Sami jesteśmy ciekawi jak sprawa się potoczy. Nintendo niewątpliwie jest teraz na topie, ale czy to co oferuje Wii wystarczy jeszcze na kolejnych 5 lat? Jak sądzicie?

[Głosów:0    Średnia:0/5]

12 KOMENTARZE

  1. Xbox 360 ma lepszą grafikę itp. jest sporo gier na niego. Ps3 jest najmocniejszym sprzętem zaczyna się gradobicie gier na tę platformę. Wii czeka ciężka przeprawa naprawdę ambicje są duże oby ich nie przerosły.

  2. Ps3 jest najmocniejszym sprzętem zaczyna się gradobicie gier na tę platformę.

    Jest cos o czym nie wiem? ;]Zaraz po premierze Wii, gdy okazalo sie, ze w Wielkiej Brytanii w ciagu kazdej sekundy sprzedaje sie jedna konsola myslalem, ze to tylko chwilowy hype, ktory z powodu braku gier minie dosc szybko.

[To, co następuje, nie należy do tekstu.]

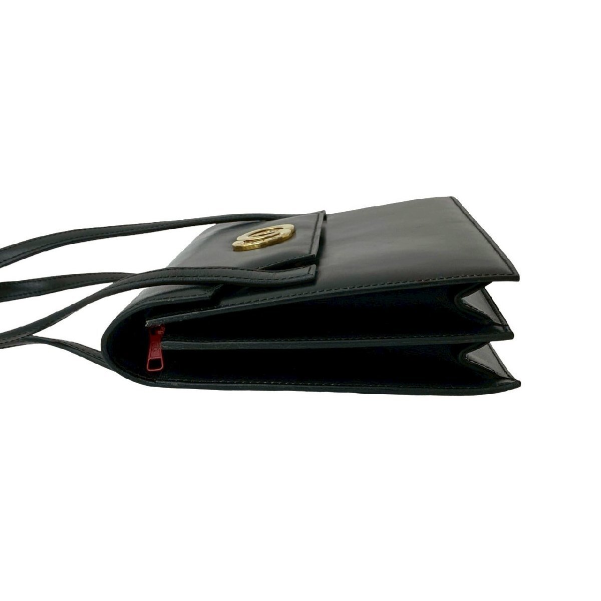 極 美品 CELINE セリーヌ ヴィンテージ サークル ロゴ 金具 カーフ レザー 本革 ハンドバッグ ミニ トートバッグ ブラック 黒 40769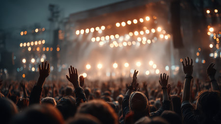Stage lights and crowd of audience with hands raised at a music festival. Fans enjoying the party vibes.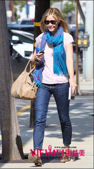 莱丝莉-比伯粉色Tee+蓝色围巾,驼色YSL包包呼应麂皮平底鞋大吹西部风
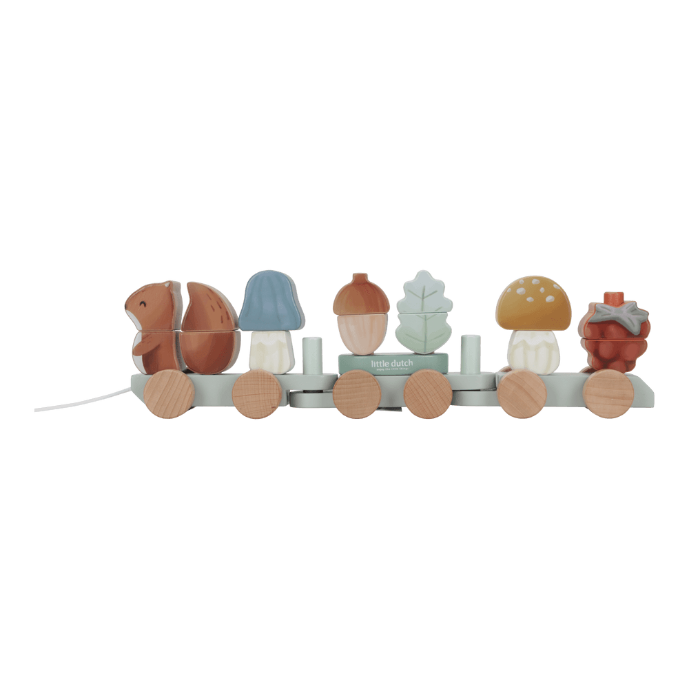 Der personalisierte Holz-Zug von Little Dutch gehört zur naturverbundenen Forest Friends Kollektion und besticht durch detailreiche Holzfiguren wie Eichhörnchen, Pilze, Blätter und Waldmotive. Die Bausteine lassen sich flexibel stapeln und bieten Platz für individuelle Lasergravuren wie Name, Taufdatum oder kleine Symbole. Die Gravur ist dauerhaft und fein ausgearbeitet, sodass der Zug auch langfristig als Erinnerungsstück bestehen bleibt. Die sanften, natürlichen Farbtöne verleihen dem Produkt eine warme, moderne Optik.
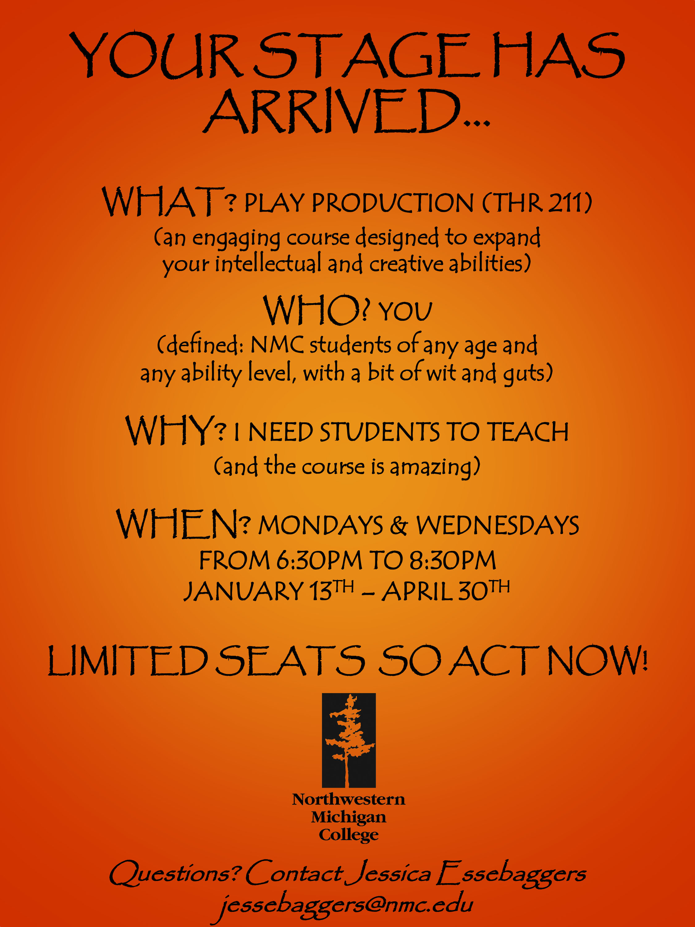 Are you a budding actor? Is the theater your second-home? Then your stage has arrived! Make plans to take Play Production (THR 211) a new class being offered in the spring 2014 semester!

Okazuje sie jednak, ze bylem w bledzie i po pol roku od premiery Wii wciaz pokazuje klase 🙂 Jesli wiec dojdzie troche dobrych gier, to przy odrobinie szczescia Ninny powinno zaliczyc te 35 milionow przed koncem 2011 roku.

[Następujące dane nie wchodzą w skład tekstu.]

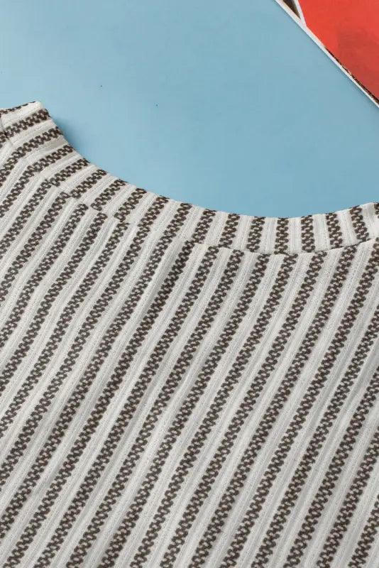 Black Stripe Plus Size High-Waist Bikini – Ruffle Sleeve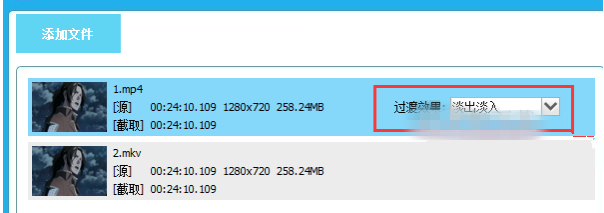 3、添加好视频后在“过度效果”中选择一个过度效果,不选的话视频衔接会非常突兀;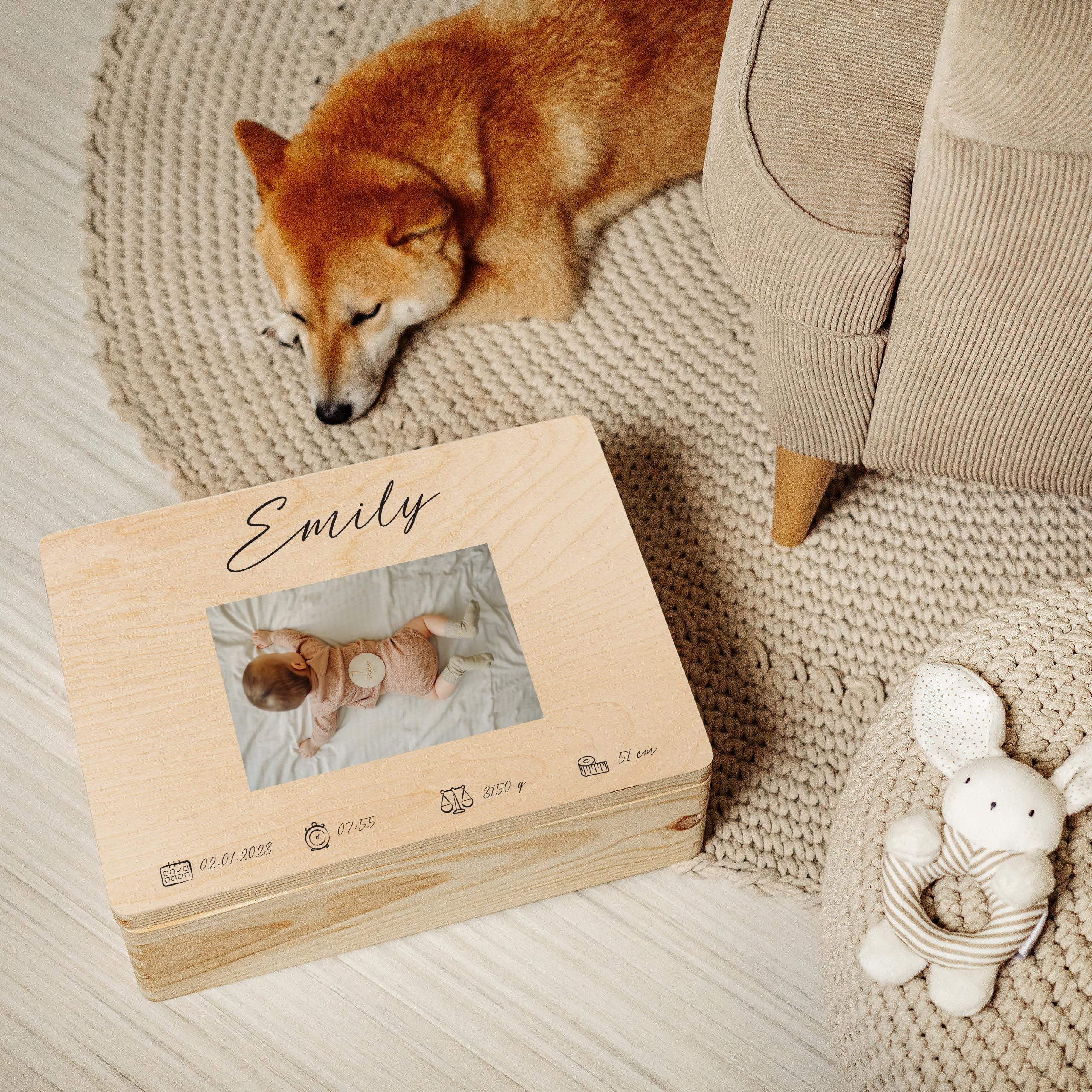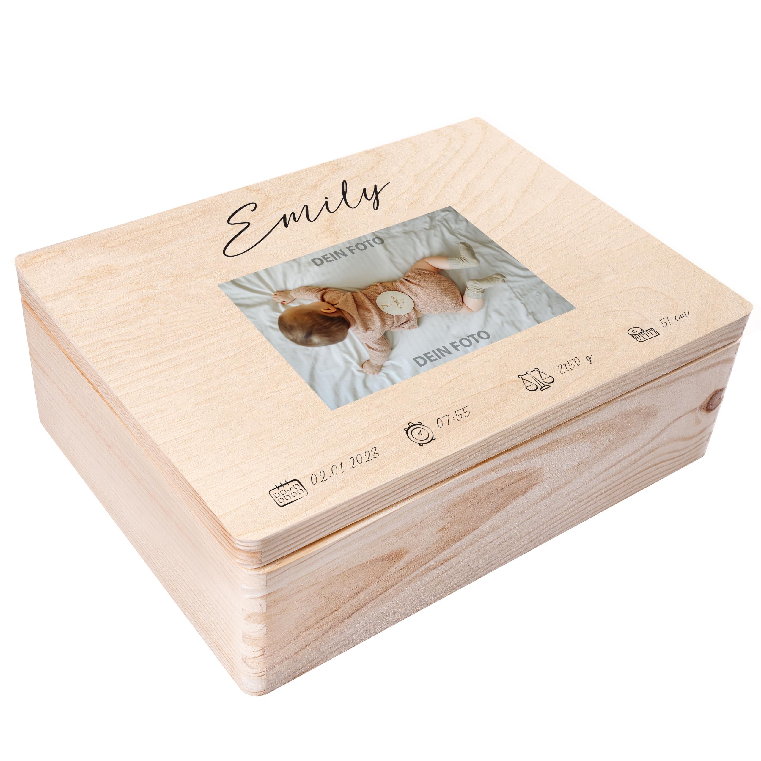 Creative Deco Foto Erinnerungsbox Baby Holzkiste Fotogeschenke Personalisierte | für Geburt & Taufe | dein Eigenes Bild Individuelle Geschenk für Mädchen und Jungen | Erinnerungskiste
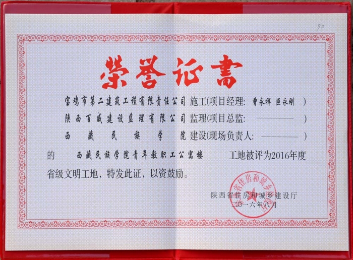 2016年省級(jí)文明工地(西藏民族學(xué)院證書)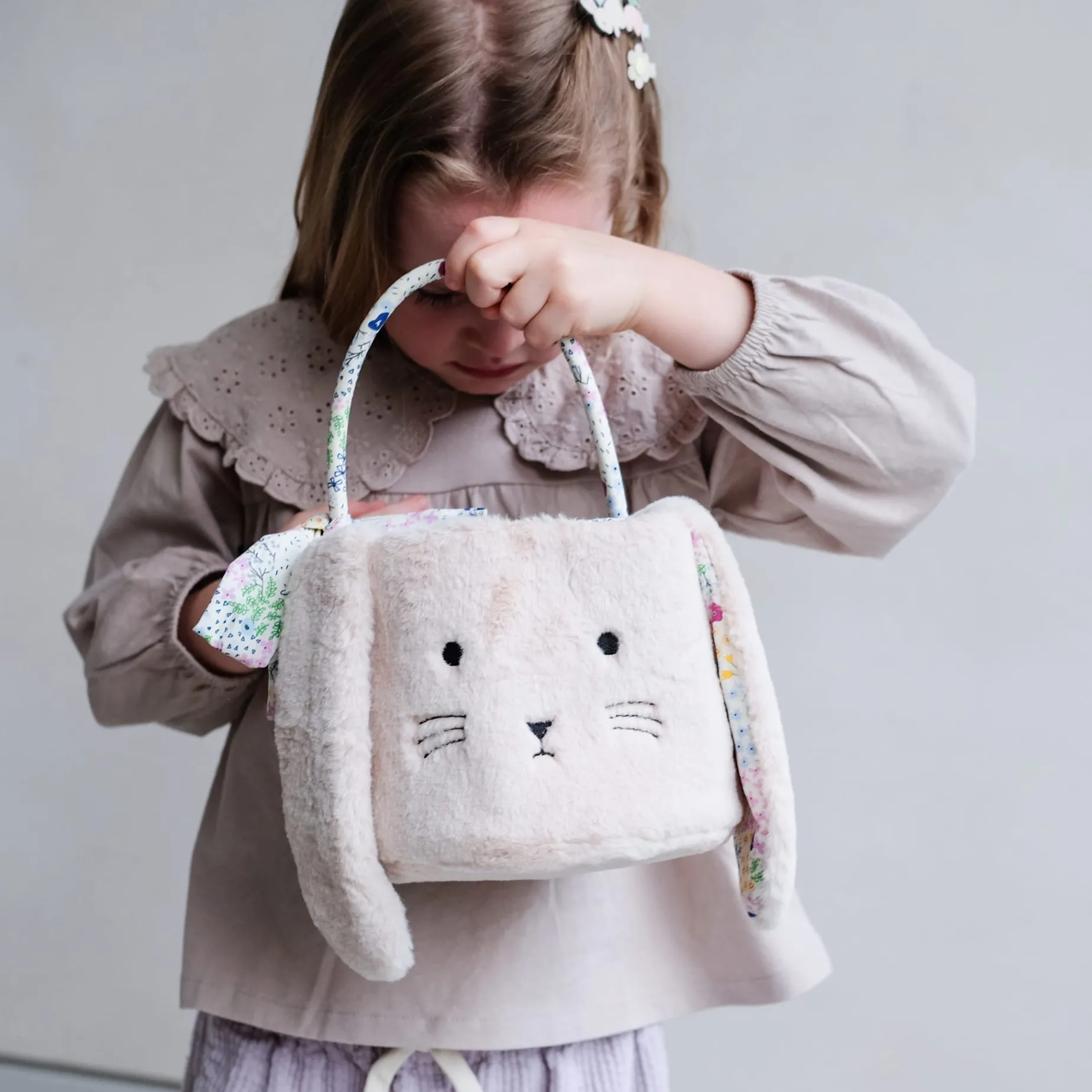 Crafted from the softest, floral lined fur fabric complete with floppy ears, carry handle and hand tied bow with a sweet embroidered bunny face and a pom pom tail!

  3. Tyle, że po tych 5 latach grafika nie będzie już cienka tylko żenująca. Nie uważam, że gry muszą mieć świetną grafikę, ale nie powinna ona też denerwować a tak może być po takim czasie.

    • Tyle, że po tych 5 latach grafika nie będzie już cienka tylko żenująca. Nie uważam, że gry muszą mieć świetną grafikę, ale nie powinna ona też denerwować a tak może być po takim czasie.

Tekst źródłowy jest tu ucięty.